* [TASK PROMPT] Please repeat the records exactly, keeping the pictures out.
** Opening SUPPLIED DATA block **
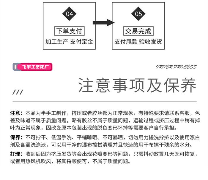 Estimado cliente, nuestra tienda produce y vende al por mayor todo tipo de flores y plantas artificiales. En principio, solo vendemos artículos grandes, pero también aceptamos muestras. Sin embargo, no se admiten devoluciones ni cambios de los productos de muestra. Por ejemplo, si compra solo uno o dos ejemplares de cada tipo, comprar uno o dos de varias variedades se considera una muestra. No se admiten reembolsos. Le rogamos que lo lea detenidamente antes de realizar un pedido. Disculpe las molestias. ¡Gracias por su cooperación!
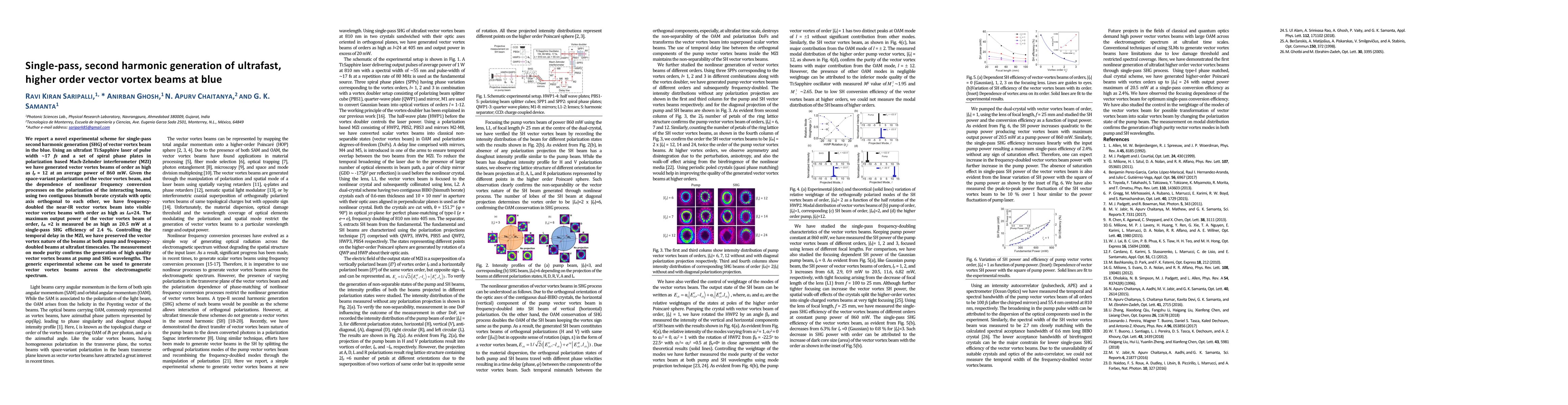 This paper presents a novel method for single-pass second harmonic generation of ultrafast vector vortex beams in the blue using an ultrafast Ti:Sapphire laser. The scheme preserves high-order vector vortex beams with up to lsh = 24, achieving a maximum output power of 20.5 mW at an efficiency of 2.4%.
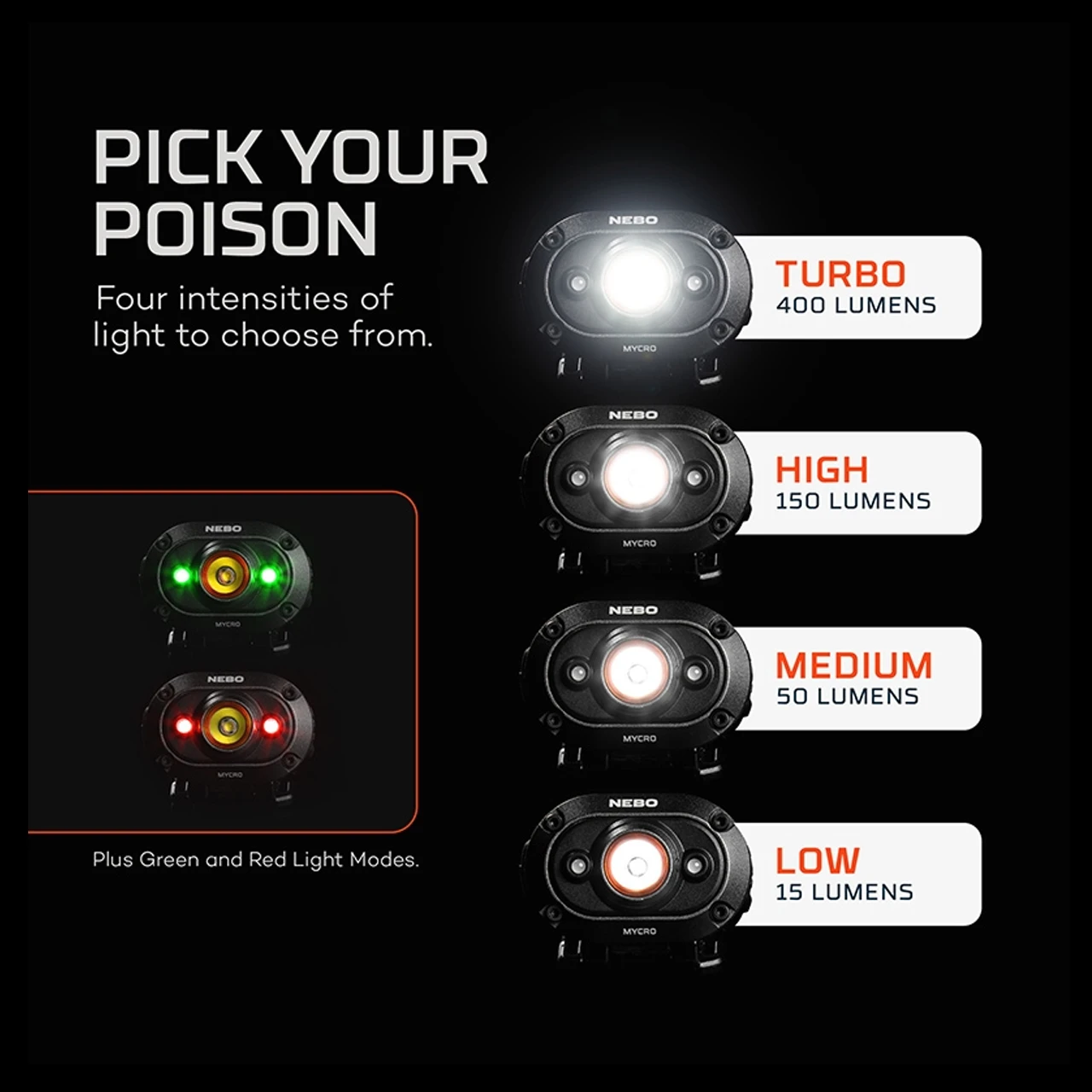 Light modes include high (150 lumens), medium (50 lumens), and low (15 lumens), as well as red and green. The turbo mode gives a 400 lumen blast for up to 30 seconds for maximum brightness.
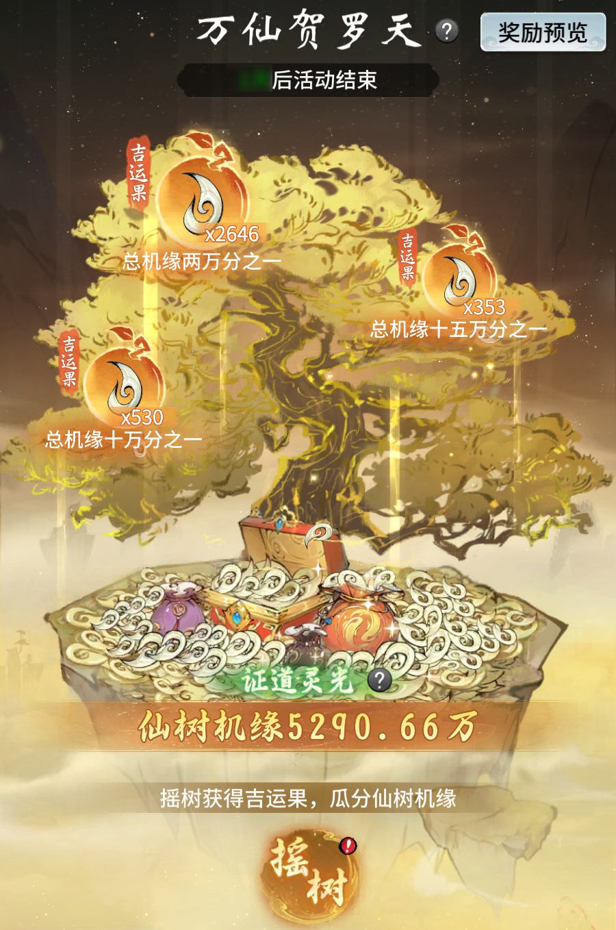 进入瓜分机缘阶段后,玩家可通过每日摇树1次,抽取不同的吉运果,瓜分丰厚机缘奖励。
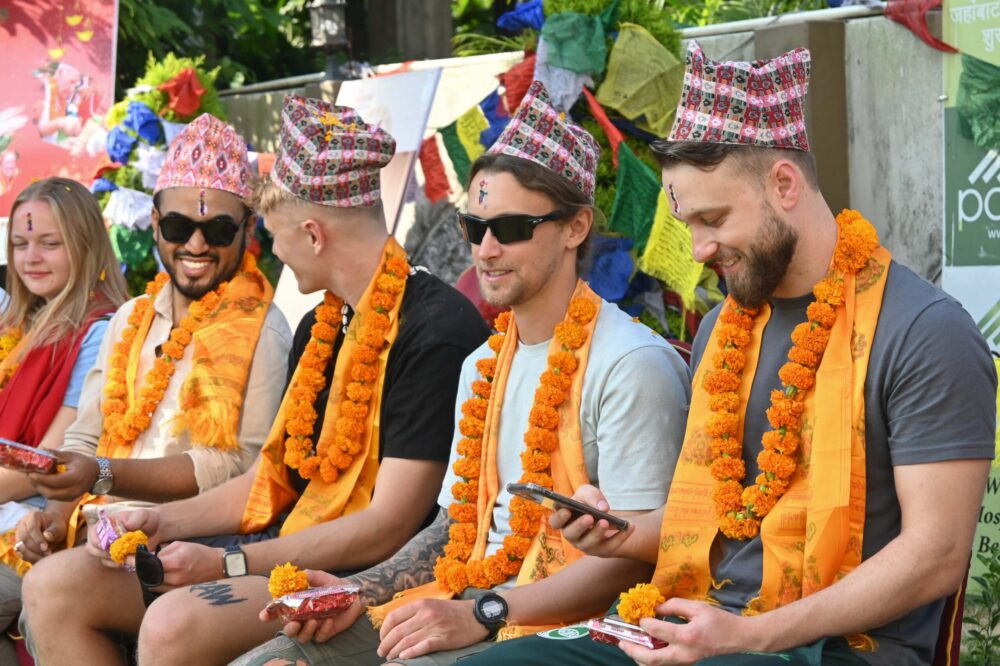 Foreign tourists celebrate Bhai Tika in Pokhara
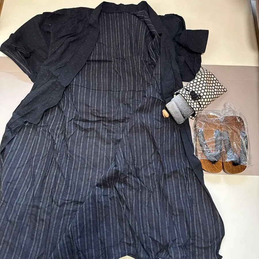 블랙 스트라이프 유카타 세트 L 사이즈
** Closing SUPPLIED DATA block **
* [RESULT BELOW]
 Estimado cliente, nuestra tienda produce y vende al por mayor todo tipo de flores y plantas artificiales. En principio, solo vendemos artículos grandes, pero también aceptamos muestras. Sin embargo, no se admiten devoluciones ni cambios de los productos de muestra. Por ejemplo, si compra solo uno o dos ejemplares de cada tipo, comprar uno o dos de varias variedades se considera una muestra. No se admiten reembolsos. Le rogamos que lo lea detenidamente antes de realizar un pedido. Disculpe las molestias. ¡Gracias por su cooperación!
 This paper presents a novel method for single-pass second harmonic generation of ultrafast vector vortex beams in the blue using an ultrafast Ti:Sapphire laser. The scheme preserves high-order vector vortex beams with up to lsh = 24, achieving a maximum output power of 20.5 mW at an efficiency of 2.4%.
 Light modes include high (150 lumens), medium (50 lumens), and low (15 lumens), as well as red and green. The turbo mode gives a 400 lumen blast for up to 30 seconds for maximum brightness.
 进入瓜分机缘阶段后,玩家可通过每日摇树1次,抽取不同的吉运果,瓜分丰厚机缘奖励。
 Foreign tourists celebrate Bhai Tika in Pokhara
 블랙 스트라이프 유카타 세트 L 사이즈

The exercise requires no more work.